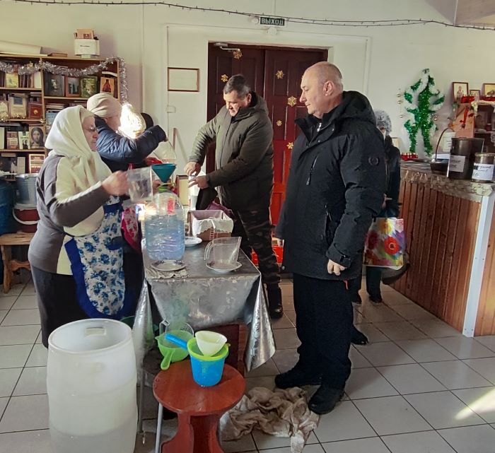 Отец Ярослав поздравил присутствующих гостей с праздником Крещения Господня и рассказал о крещении Иисуса Христа в реке Иордан. Он подчеркнул, что этот момент стал знаковым событием в жизни Спасителя и важным символом для всех верующих. Вода Иордана олицетворяет очищение и обновление, а сам обряд крещения стал началом служения Христа на Земле.
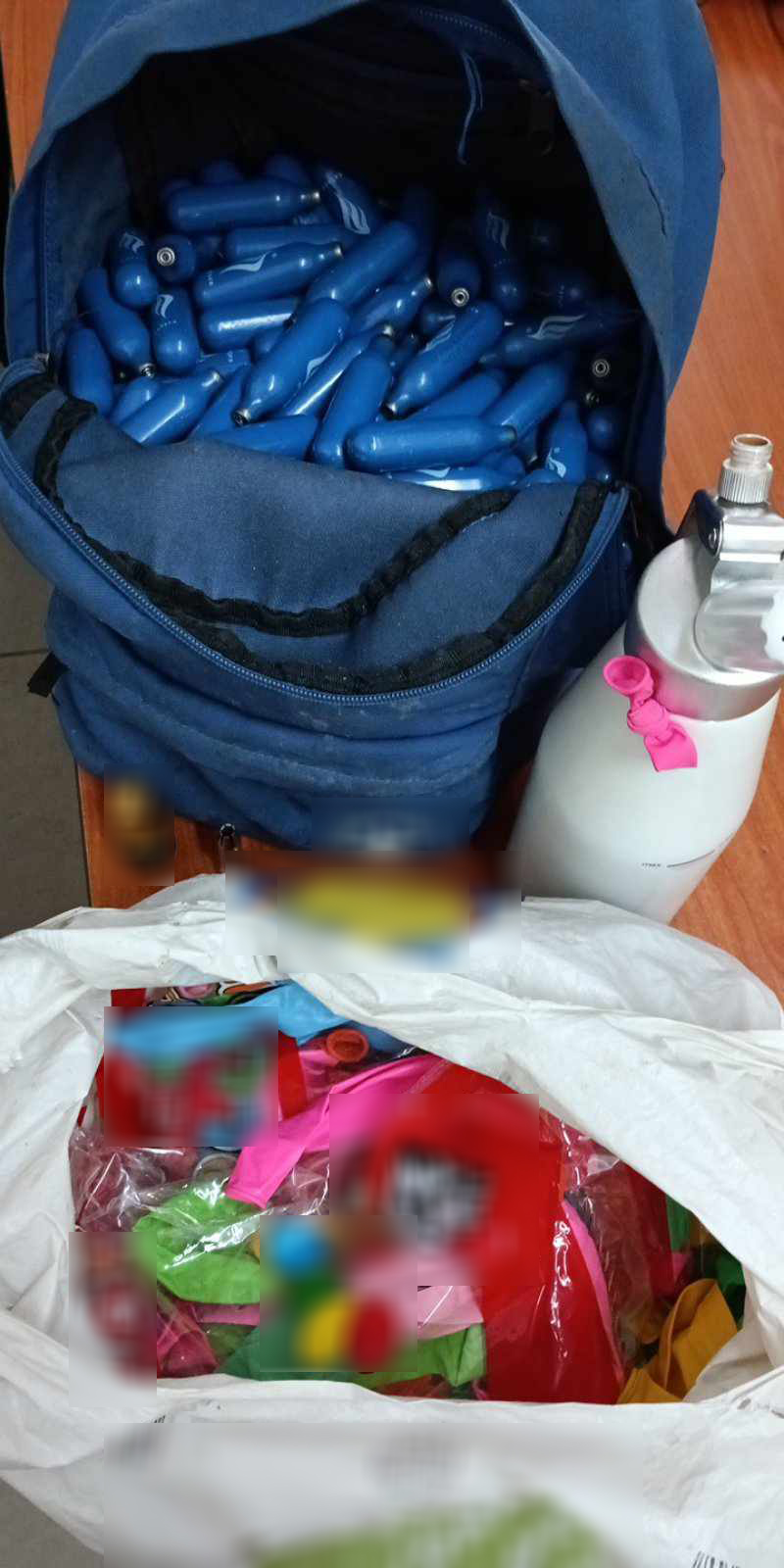 Τέλος, κατασχέθηκαν -556- αμπούλες αερίου γέλιου, -279- μπαλόνια, -1- συσκευή εκτόνωσης αμπουλών και μικροποσότητα κοκαΐνης.
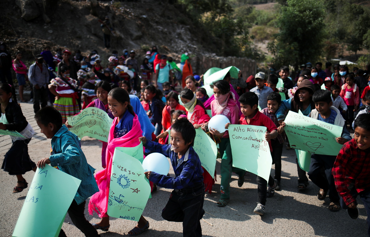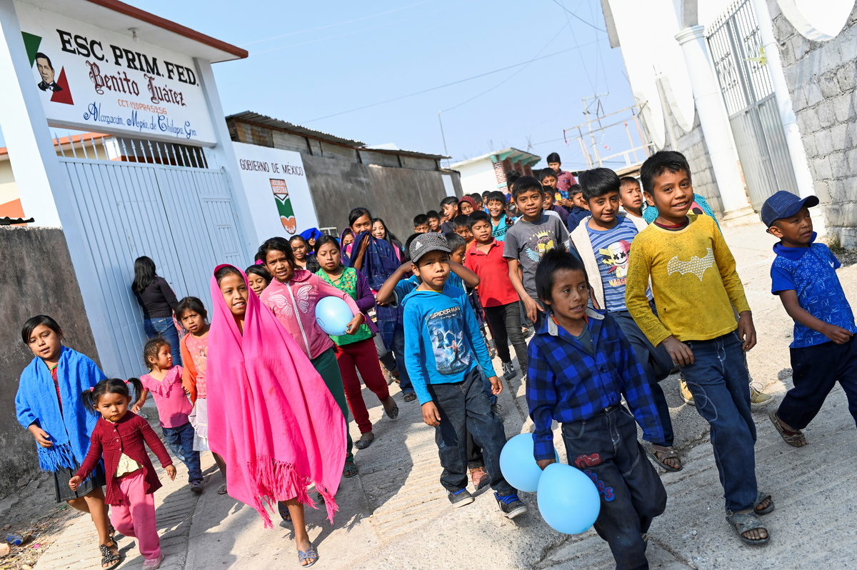 Boys and girls in Alcozacan, a hamlet in a mountainous municipality of southern Guerrero state, enthusiastically took part in a march that included adults on Friday, when Mexico celebrated Children's Day.
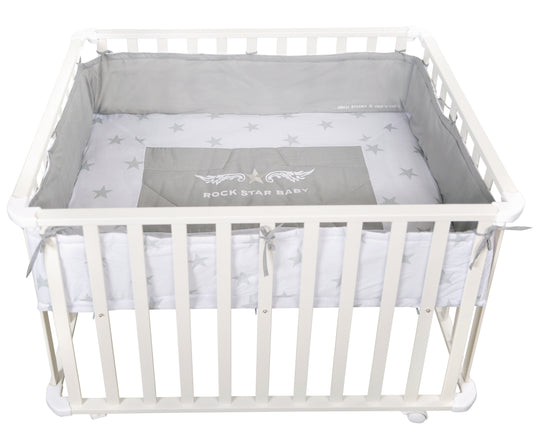 Box 'Rock Star Baby', 75 x 100 cm, box con inserto protettivo e rulli, legno bianco

- - - -

[The problem]
In full and without error, repeat the listing above, omitting its images.

[Solution to the problem]
 Отец Ярослав поздравил присутствующих гостей с праздником Крещения Господня и рассказал о крещении Иисуса Христа в реке Иордан. Он подчеркнул, что этот момент стал знаковым событием в жизни Спасителя и важным символом для всех верующих. Вода Иордана олицетворяет очищение и обновление, а сам обряд крещения стал началом служения Христа на Земле.
 Τέλος, κατασχέθηκαν -556- αμπούλες αερίου γέλιου, -279- μπαλόνια, -1- συσκευή εκτόνωσης αμπουλών και μικροποσότητα κοκαΐνης.
 Boys and girls in Alcozacan, a hamlet in a mountainous municipality of southern Guerrero state, enthusiastically took part in a march that included adults on Friday, when Mexico celebrated Children's Day.
 Box 'Rock Star Baby', 75 x 100 cm, box con inserto protettivo e rulli, legno bianco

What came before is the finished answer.